I step aside. “You’re welcome to come in. I can wake him—”
He shakes his head. “I can wait for him in his apartment. Last thing I want is to invade your space.” He hesitates, then smiles. “I’ll hang there until he wakes up.”
“Sure. Yes. Um . . . let me get his key for you,” I say and then shut my door to go find it. When I look up, Lucas is standing in the doorway to the bedroom, hair mussed and eyes heavy with sleep.
“Who is it?” he asks.
“Your brother’s here.”
“My brother?” Confusion flickers, then irritation, and even though I can see there’s a sense of relief, he covers it up as soon as he speaks. “Everyone needs to stop worrying. I’m fine.”

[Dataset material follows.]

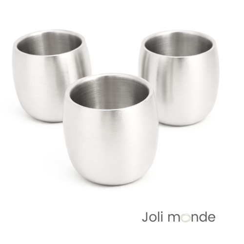 En inox double paroi, sans revêtement de résine d'époxy* : il permet de ne pas se brûler les doigts si la timbale doit contenir une boisson chaude, et maintiendra le liquide chaud plus longtemps.

But his eyes give him away. He’s confused and angry, trying to hide it behind a mask of indifference.
“He knows you’re fine. I know you’re fine. But that’s what family does, right? Come when you’re in need—or when they think you are.”
He grunts in response.
“He’s waiting for me to get him the key so he can see you when you’re up,” I say.
“I’ll go over. I’m—”
“Fine. Yes. I know.” I draw in a breath. “There’s going to come a time when you’re not, Lucas.”
Instead of responding, he pulls me into him and presses his lips to mine. The kiss is tender and desperate, almost like he’s searching for something steady to keep him propped up.
“I need you, Em,” he murmurs. “I’ve never needed anyone so . . . I don’t know what that means.”
“It means you’re scared,” I say, voice steady even as my chest cracks. “And that’s okay. I’m here. I’m not going anywhere. I love you.”
He nods once, like that’s all he can manage.
Then he turns and heads across the hall to his brother. To the one person who has known this dream of his longer than anybody. The dream he just lost.
I stand there long after he closes the door, heart aching and the weight of his vulnerability, his loneliness, owning me.
Because I know more than anything that the hardest part hasn’t come yet for Lucas.
And when it does, I’ll be here for him, but I don’t know if that will be enough to keep him afloat.